Task details = A word-for-word copy of the data is what's wanted, with no pictures.

Provided data =
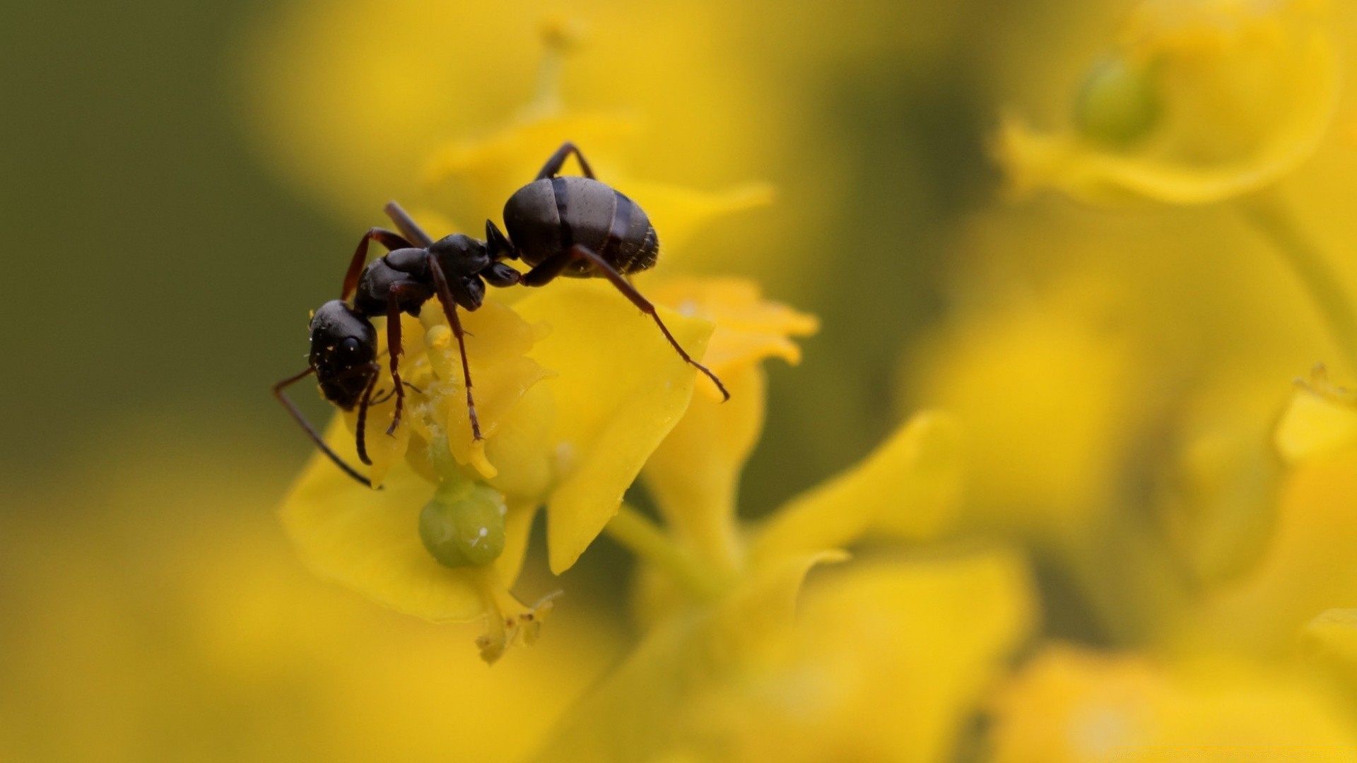 An ant on a yellow flower
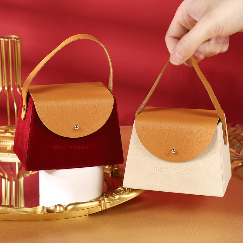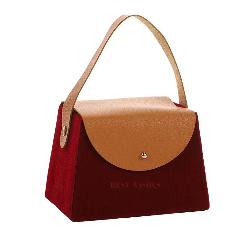 Offre spéciale, boîte de mariage trapézoïdale floquée avec logo personnalisé, boîte à bonbons, boîte à cadeau de luxe en velours avec poignée
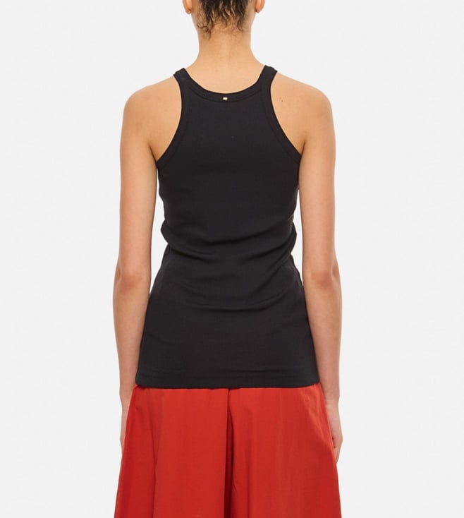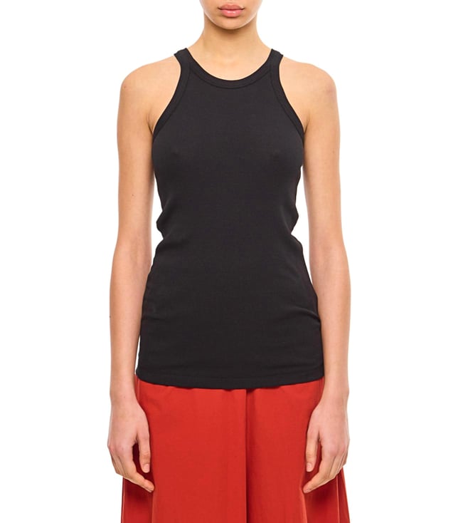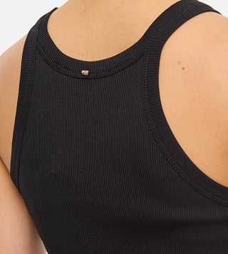 The Sportmax Black Ribbed Top is a sophisticated blend of elegance and comfort, crafted for the modern woman. Its regular fit gracefully contours the body, showcasing a timeless ribbed pattern that exudes understated chic. The luxurious fabric, composed of 69% cotton, 27% silk, and 4% elastane, offers a soft, breathable feel with a hint of stretch for ease of movement. Designed with a sleek closure, this top is a versatile staple, perfect for elevating any ensemble with its refined allure.
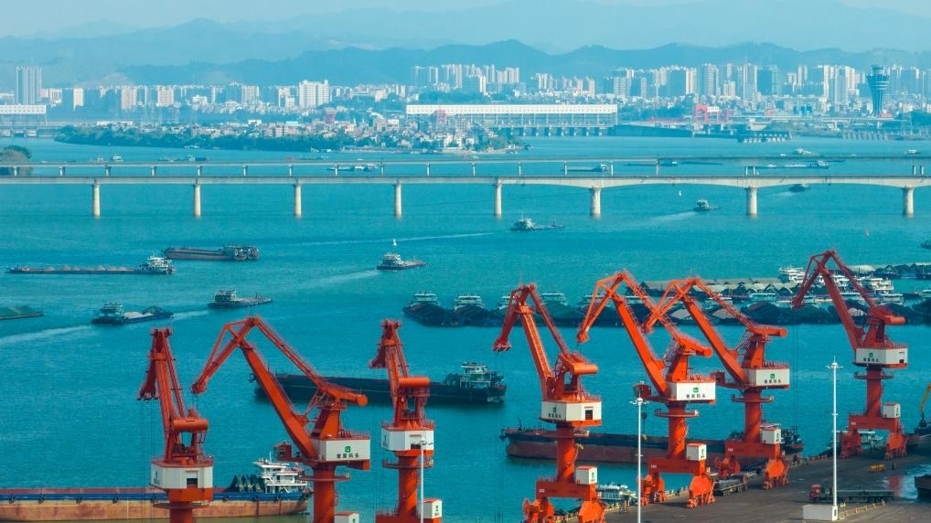 1月3日,在廣西梧州臨港經(jīng)濟區(qū)赤水港碼頭,工人操作設備在碼頭上進行裝卸作業(yè)(無人機照片)。新華社發(fā)(何華文攝)

Final answer =
 An ant on a yellow flower
 Offre spéciale, boîte de mariage trapézoïdale floquée avec logo personnalisé, boîte à bonbons, boîte à cadeau de luxe en velours avec poignée
 The Sportmax Black Ribbed Top is a sophisticated blend of elegance and comfort, crafted for the modern woman. Its regular fit gracefully contours the body, showcasing a timeless ribbed pattern that exudes understated chic. The luxurious fabric, composed of 69% cotton, 27% silk, and 4% elastane, offers a soft, breathable feel with a hint of stretch for ease of movement. Designed with a sleek closure, this top is a versatile staple, perfect for elevating any ensemble with its refined allure.
 1月3日,在廣西梧州臨港經(jīng)濟區(qū)赤水港碼頭,工人操作設備在碼頭上進行裝卸作業(yè)(無人機照片)。新華社發(fā)(何華文攝)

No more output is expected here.